A letter to parliamentarians about the second referendum

Dear Parliamentarians,

While I truly hope that Britain leaves the European Union, and I am desperate to avoid any new delays and further brinkmanship between the UK and the EU, I am also determined to hold MPs accountable for their failures. Our democracy is in an appalling state: listening, voting, scrutinising, and passing legislation. A manifestation of these failures, “politics as usual”, is dictating what happens next.

We are going down a mountain of trouble on our hands. Before I even thought this through, I would have said that we could simply opt not to leave the EU, rather than agree to the terms of Brexit the government has already, upon reading in the polls, morphed into something described as “the People’s Vote”. My colleagues and I will walk through the hostile no-deal fog and place a second referendum – asking the question, “Do you think this is a better way to leave the EU than the current deal?” – into the ballot box on an as-yet-unspecified date, sometime in the next few months.

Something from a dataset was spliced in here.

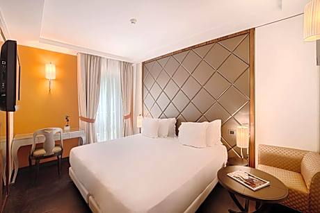 Featuring a roof-top terrace featuring a cocktail bar and panoramic views, NH Collection Taormina is set in the heart of Taormina's historical center. It features an à la carte restaurant, spacious rooms, a modern wellness center, and an infinity pool overlooking the bay. All rooms at the NH Collection Taormina hotel have design bathrooms with a shower, bathrobes, and slippers. They come with LCD TV with satellite channels, and free wired internet. The hotel has an exclusive 853 ft² spa area that comes with a sauna, a Turkish bath, and therapy showers. It also includes a tea room. The outdoor swimming pool is equipped with a bar, sofas, sun loungers, tables, and chairs. Each morning, guests start the day with a breakfast featuring organic product, such as yogurt, jams and a selection of homemade pressed juices. Featuring a view on the Greek Theater, the Zefiro restaurant specializes in Sicilian cuisine. Corso Umberto I, the city's main street, is just a few minutes away on foot. The property is well connected by the A18 motorway. License Number(s): IT083097A1SDC4TXM8

If we succeed, or have better (or at least more legal) clarity, we will bring the election forward and get a new government. This government would then negotiate, rewrite and vote through another deal.

But this is not about winning a public vote. It is about taking action and influencing our future leaders. It’s about preventing a no-deal with the EU, or a “hard” Brexit, which in both the EU’s terms, and those of the Conservatives, is no deal at all.

The first task, the task we need to start now, is to say to our colleagues in the European Research Group (ERG) and the Conservative Party: enough. Time has run out. Whatever your view on Brexit, don’t worry about holding your own. Your job is to hold the prime minister, your colleagues, and the Conservative Party to account. Get on board, however different you may see it. If they want to be as defiant and obstructive as the ERG faction, fine. If they want to compromise, fine. If they want to back-down in parliament, fine. The job now is to present a united front.